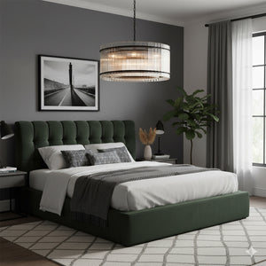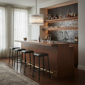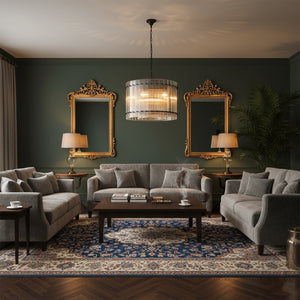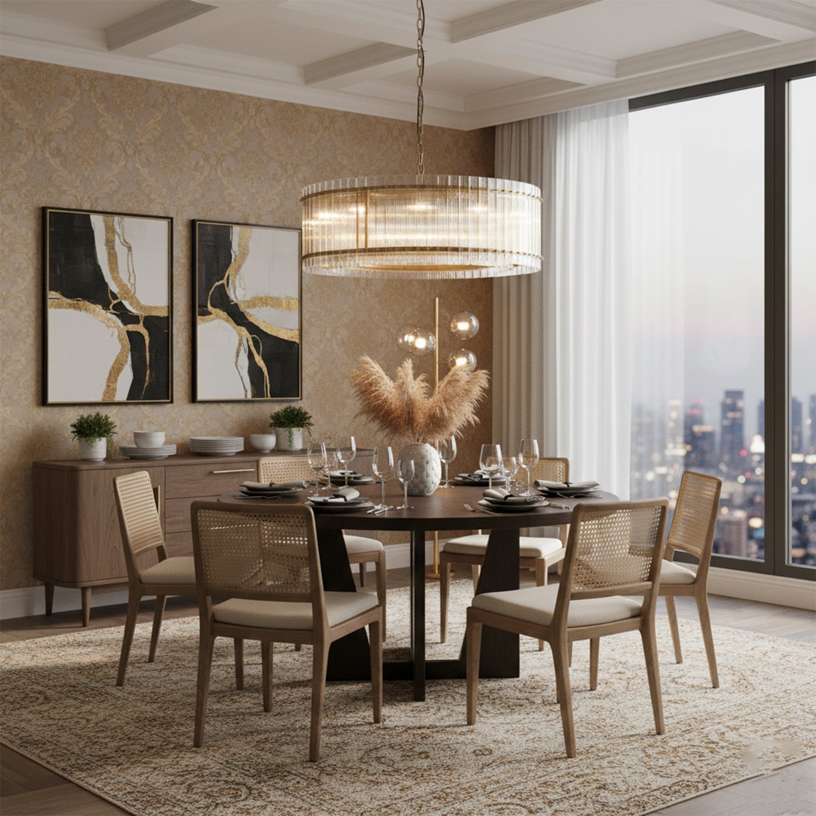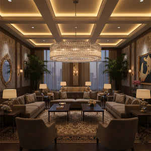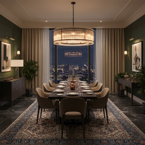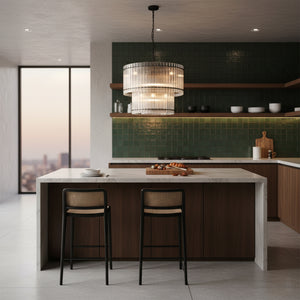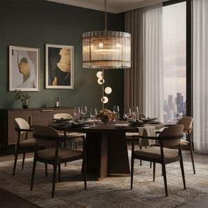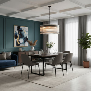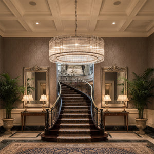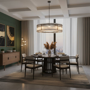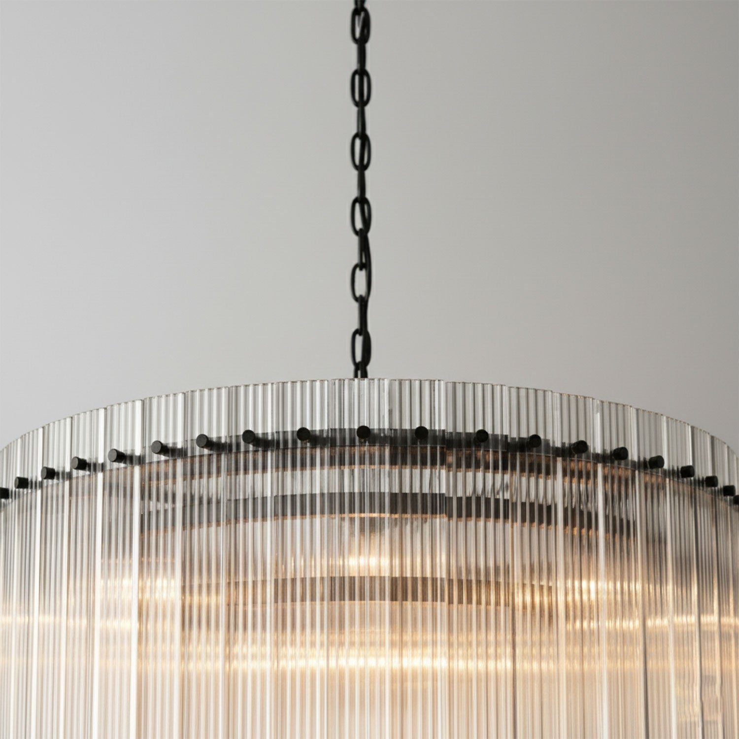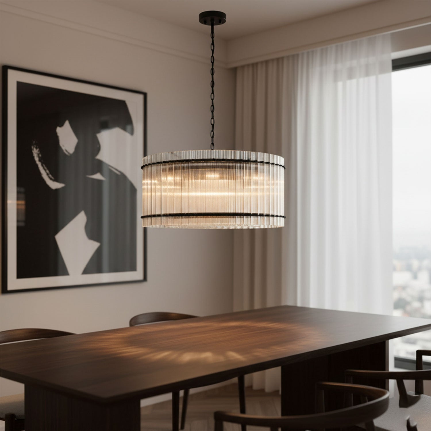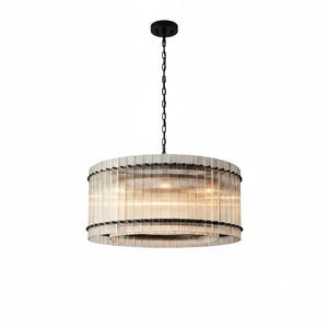 Elevate your living space with this spectacular tiered chandelier, a stunning fusion of vintage Art Deco glamour and contemporary design. The large, drum-shaped silhouette is composed of concentric rings, creating a dramatic sense of depth and scale perfect for a dining room or grand foyer. The light is diffused through hundreds of vertical glass rods, casting a captivating, warm, and shimmering glow throughout the room. Secured by a minimalist black finish frame, this fixture serves as an undeniable architectural centerpiece, instantly commanding attention and adding a luxurious texture to any modern interior.
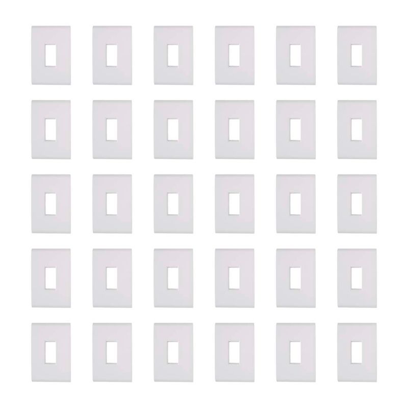 O Kit com 30 Placas 4x2 de 1 Posto Vertical Liz Branca Tramontina - Ref. 57106003 é ideal para instalações elétricas que exigem um acabamento moderno, discreto e funcional. Cada placa do kit é fabricada em termoplástico de alta qualidade na cor branca, com acabamento brilho que não retém poeira, facilitando a limpeza e manutenção. O sistema modular em duas peças — placa e suporte — permite um ajuste perfeito entre ambos, garantindo um acabamento impecável com a parede, sem deixar frestas. Além disso, possuem furo oblongo que facilita a fixação e a regulagem da placa à parede, deixando-a reta. A fixação não é aparente, contribuindo para um visual mais clean e moderno. Cada unidade acompanha suporte e parafusos para a instalação.
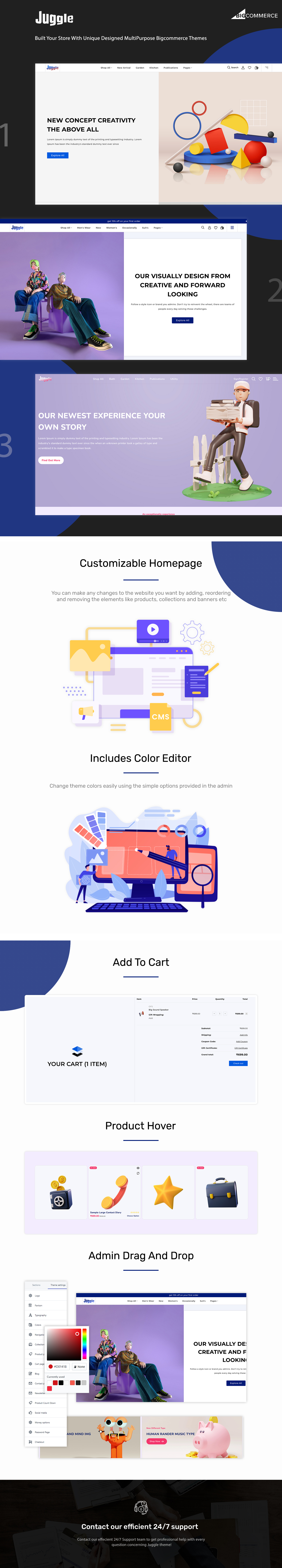 The "Juggle" Stencil BigCommerce Theme is a versatile and modern eCommerce theme designed to meet the needs of businesses across diverse industries. Built on the robust BigCommerce Stencil framework, Juggle offers a seamless and user-friendly shopping experience with unmatched performance and design flexibility. Whether you're selling fashion, electronics, home goods, or niche products, Juggle's sleek and responsive design ensures your store stands out.
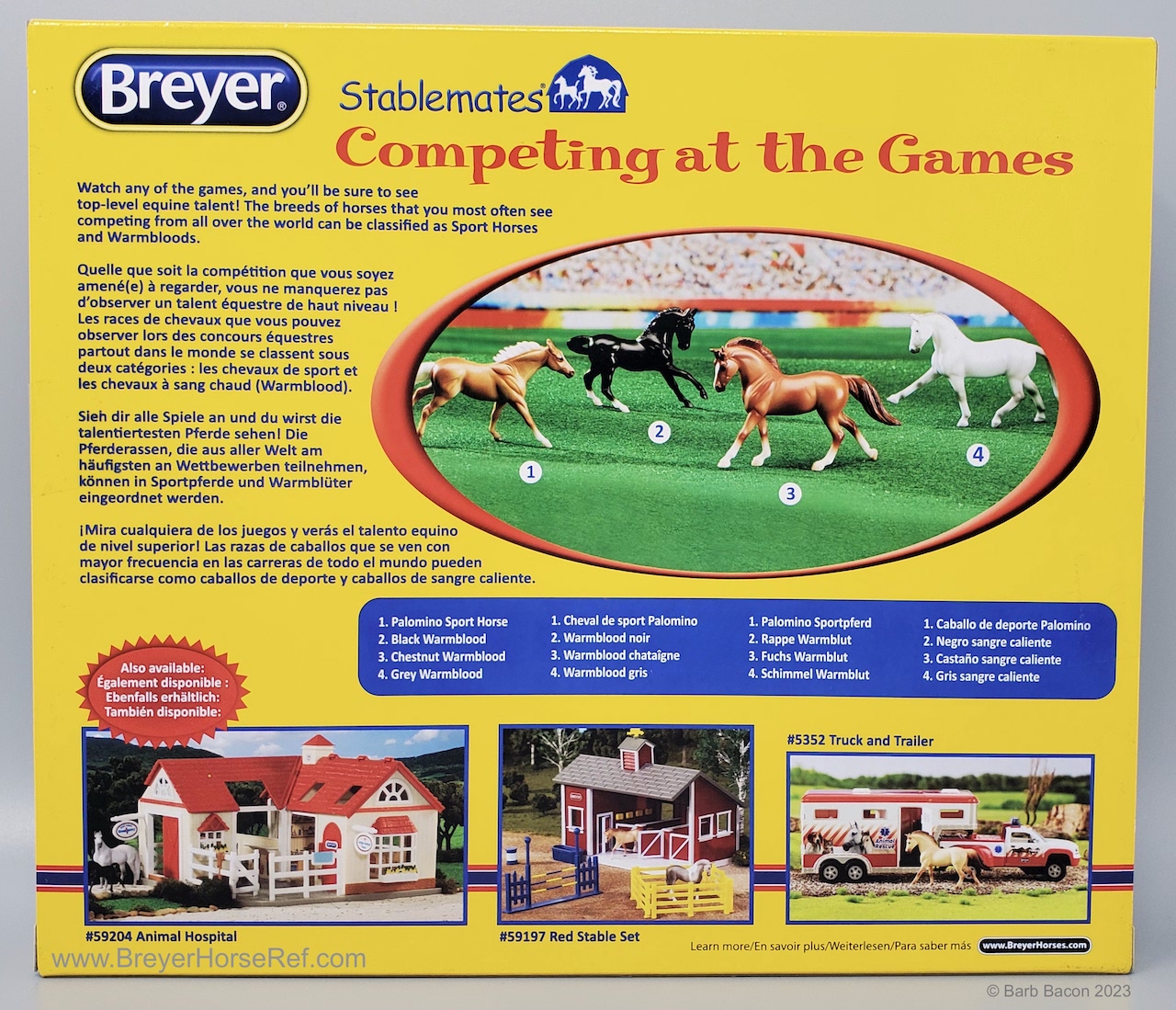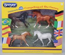 This set included a chestnut Cantering Warmblood, a light grey Hanoverian, a palomino Thoroughbred, and black Warmblood. On the 2017 Retired List.
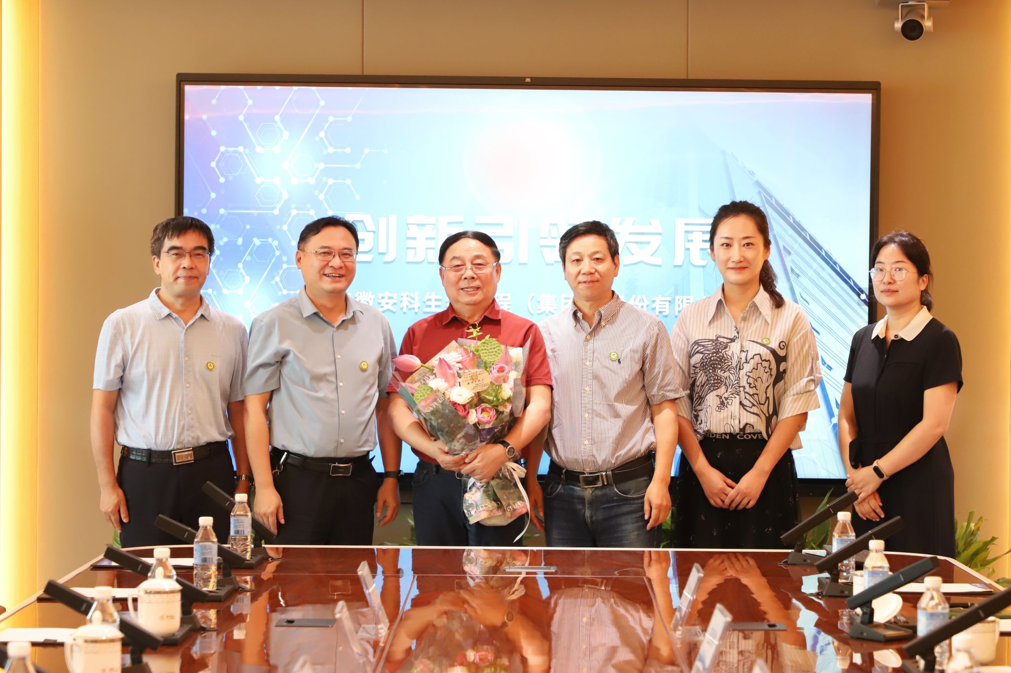 本网讯 在第40个教师节来临之际,9月10日上午,校领导操海群、蔡德军,校教育基金会理事长裴树东一行前往安徽安科生物工程(集团)股份有限公司看望慰问校友,并开展“感念遇恩师 礼颂引路人”主题座谈会。1977级植物保护专业、安徽安科生物工程(集团)股份有限公司董事长宋礼华,1981级植物保护专业、安科生物首席投资顾问宋杜吾参加了座谈交流。
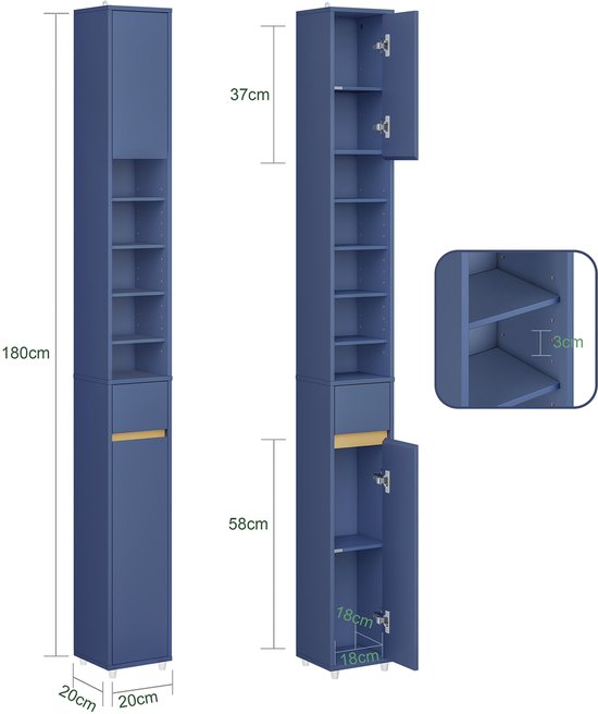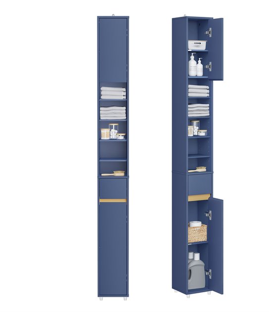 SoBuy Armoires de salle de bain hautes - Armoire de rangement avec étagères réglables et tiroir - Armoire colonne salle de bain - Bleu, 20x20x180cm, BZR34-II-B - pour salle de bain, salon, chambre à coucher
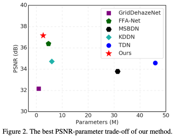 기존 연구들에서는 메모리나, 계산 비용 등을 고려하지 않고 dehazing만 잘하도록 모델의 성능을 향상시키는 것에만 중점을 두어 임베디드 디바이스와 같이 리소스가 제한된 환경에서는 사용을 할 수 없는 상황에 처하게 됩니다. Dehazing 챌린지 대회인 NTIRE 2020에서 1위를 차지한 모델은 4,618만개의 파라미터를 사용한다고 합니다. 그림(2)와 같이 모델 크기와 성능에 대한 trade-off는 당연히 존재합니다. 모델 크기를 그럼 줄이면서 성능을 향상시키기 위한 방법도 고안이 되어야겠네요.
====================
What is expected>
The lines from the one containing "This set included" to the last line of the records, both included: print exactly those and nothing else, leaving out any pictures.

Answer for this exercise>
 This set included a chestnut Cantering Warmblood, a light grey Hanoverian, a palomino Thoroughbred, and black Warmblood. On the 2017 Retired List.
 本网讯 在第40个教师节来临之际,9月10日上午,校领导操海群、蔡德军,校教育基金会理事长裴树东一行前往安徽安科生物工程(集团)股份有限公司看望慰问校友,并开展“感念遇恩师 礼颂引路人”主题座谈会。1977级植物保护专业、安徽安科生物工程(集团)股份有限公司董事长宋礼华,1981级植物保护专业、安科生物首席投资顾问宋杜吾参加了座谈交流。
 SoBuy Armoires de salle de bain hautes - Armoire de rangement avec étagères réglables et tiroir - Armoire colonne salle de bain - Bleu, 20x20x180cm, BZR34-II-B - pour salle de bain, salon, chambre à coucher
 기존 연구들에서는 메모리나, 계산 비용 등을 고려하지 않고 dehazing만 잘하도록 모델의 성능을 향상시키는 것에만 중점을 두어 임베디드 디바이스와 같이 리소스가 제한된 환경에서는 사용을 할 수 없는 상황에 처하게 됩니다. Dehazing 챌린지 대회인 NTIRE 2020에서 1위를 차지한 모델은 4,618만개의 파라미터를 사용한다고 합니다. 그림(2)와 같이 모델 크기와 성능에 대한 trade-off는 당연히 존재합니다. 모델 크기를 그럼 줄이면서 성능을 향상시키기 위한 방법도 고안이 되어야겠네요.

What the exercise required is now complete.